In 2001, Monastic Inter-religious Dialogue (MID) sponsored a Buddhist-Catholic conference to celebrate the publishing of 'Benedict's Dharma'. Monastics and lay arrived in Indiana to share and dialogue on the 'Rule of Saint Benedict' and in the years following more conferences were planned and completed with skill and enthusiasm. In 2010 the MID website was retired and access to a good many conference documents were lost to the general public.
I was able to access the retired documents on a web-archive and bring them back to life with MID's blessing. What you find on this web page are links to 12 historic Buddhist-Catholic Monastic Dialogues that document the special relationship shared by Buddhist and Catholic monastic men and women... I've also added a link to our local 'Los Angeles Buddhist-Catholic Dialogue.' /// Peace... Kusala Bhikshu / www.kusala.info
Buddhists and Christians have lived among each other from the early years of Christianity. Small communities of Christians existed in India, possibly as early as the first century C.E., and certainly by the 7th century, at which time there was also a Christian community in China, but records of dialogues between these communities have not come to light.
A new openness towards other religions in Catholicism, promulgated by the decree, "Nostra Aetate," (Declaration on the Relation of the Church to Non-Christian Religions) of the Second Vatican council in 1965 set the stage for real dialogue between Buddhists and Catholics.
The Buddha and the Christ
The Buddha: the "Awakened One." born Siddartha Gautamma, a prince of the Sakya clan in northern India, c. 624 B.C.E. Through his own efforts he achieved Enlightenment, the realization of ultimate reality (truth), perfect in wisdom and compassion. He set the Wheel of the Dharma in motion, showing all humankind (and ultimately all sentient beings) the way to attain release from suffering and attain Nirvana, that ultimate state beyond all description.

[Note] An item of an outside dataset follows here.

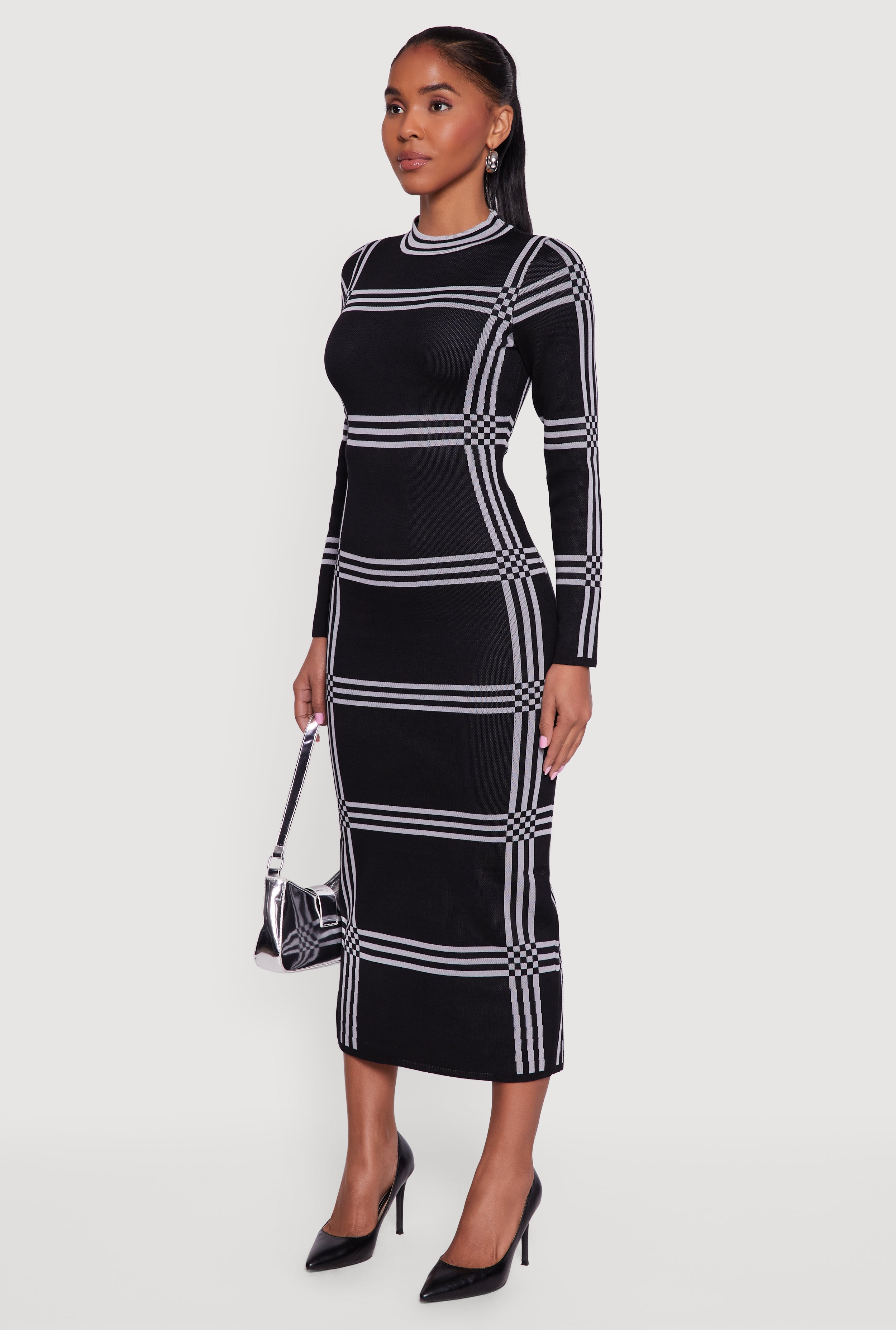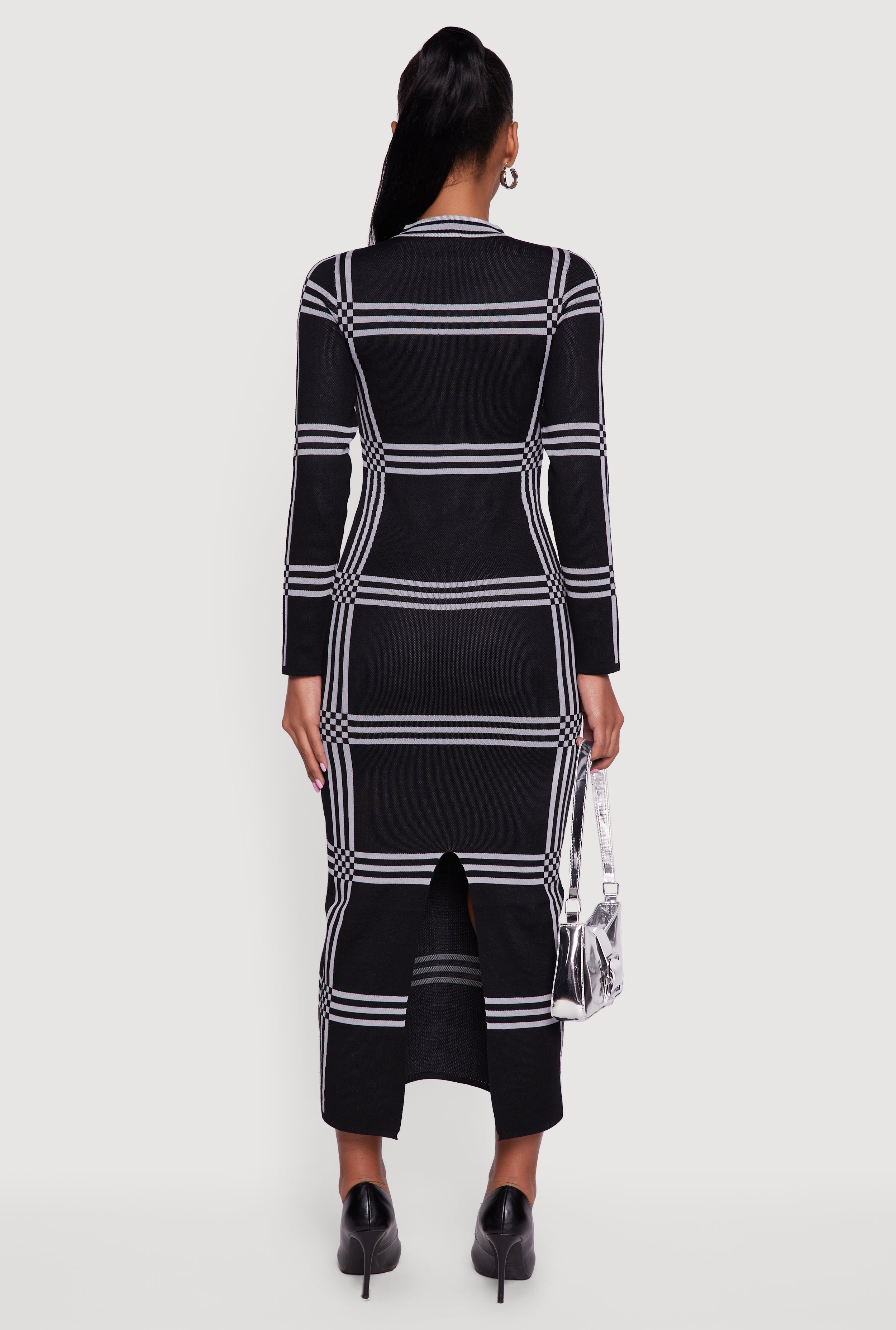 Step up your style game with this Long Sleeve Windowpane Plaid Back Slit Sweater Dress featuring a chic back slit. Designed to hug your curves with a shaped silhouette, this mid-length dress blends cozy sweater vibes with a trendy plaid pattern. Perfect for casual days or officewear, it keeps you looking effortlessly polished without sacrificing comfort.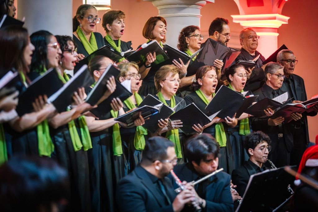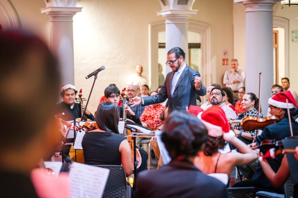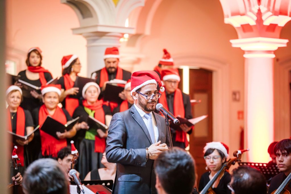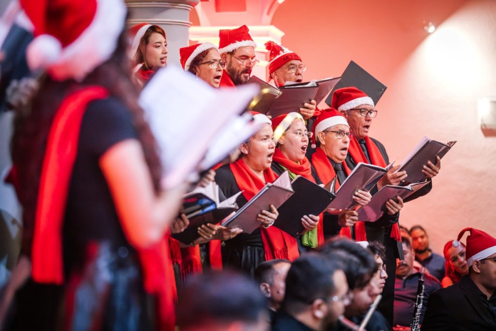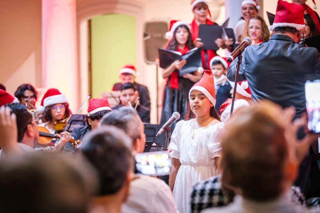Para cerrar las actividades artísticas universitarias de este 2025, se llevó a cabo en la Pinacoteca Universitaria, el concierto “A Christmas Festival”, donde la Orquesta Sinfónica y el Coro de la Universidad de Colima, bajo la dirección del maestro José Antonio Frausto Zamora, ofrecieron un programa con temas de compositores como Wolfgang Amadeus Mozart, George Frederic Haendel, John Williams y Agustín Lara, en un acto que contó con la presencia del Rector de nuestra Máxima Casa de Estudios, Christian Jorge Torres Ortiz Zermeño.

The Christ: the "Messiah," or "Anointed One," born Jesus of Nazareth in Judea; crucified outside of Jerusalem by Roman authorities, c. 33 C.E. Anointed by God to save humankind by death on a cross and resurrection from the dead, God became human so humanity could be divinized. He was the total and complete manifestation of God, the Son of God, the second person of the Trinity.
Monastic Interreligious Dialogue - Is a board of Catholic monastic religious from the Benedictine and Cistercian orders, as well as an advisory board drawn from experts in religion from academia and other religious traditions such as Buddhism. The purpose of MID is to foster dialogue with the monastic traditions of other religions, in particular Buddhism.
THE FIFTIETH ANNIVERSARY OF NOSTRA AETATE
In Rome, the fiftieth anniversary of the promulgation on October 28, 1965, of Nostra ætate, the Second Vatican Council’s Declaration on the Relation of the Church to Non-Christian Religions, was especially marked by the general papal audience on October 28, 2015, and by an International Congress organized by the Pontifical Council for Interreligious Dialogue in collaboration with the Commission for Religious Relationships with Jews, the Pontifical Council for Promoting Christian Unity and the Pontifical Gregorian University.
The Secretary General of DIMMID, William Skudlarek OSB, was invited to offer a word of greeting to the participants in the International Congress, and also to greet Pope Francis personally on behalf of Monastic Interreligious Dialogue. The proceedings of the congress will be published in a future issue of Pro Dialogo, the journal of the Pontifical Council for Interreligious Dialogue.
The address given by Pope Francis at the general audience and well as photos from the conference and an order form for a video produced by the PCID marking 50 years of Nostra Aetate can be found on the website of the Pontifical Council for Interreligious Dialogue.
"STRANGERS NO MORE" - Monastic Interreligious DialogueDocumentary / 52:33
“Strangers No More” - The Monastic Interreligious Dialogue (DIMMID) documentary, relates with stunning imagery the relationships Catholic monastics have spent decades fostering with spiritual practitioners around the world. It was filmed in France, Italy, Germany, Morocco, Japan and the United States and shows the exchanges between monks and nuns as they join Buddhist and Hindu monastics and Muslim spiritual practitioners to share daily rituals, sit in silent meditation or prayer with one another, talk about their traditions and practices and form understanding and friendships that transcend perceived boundaries between Western and Eastern faiths.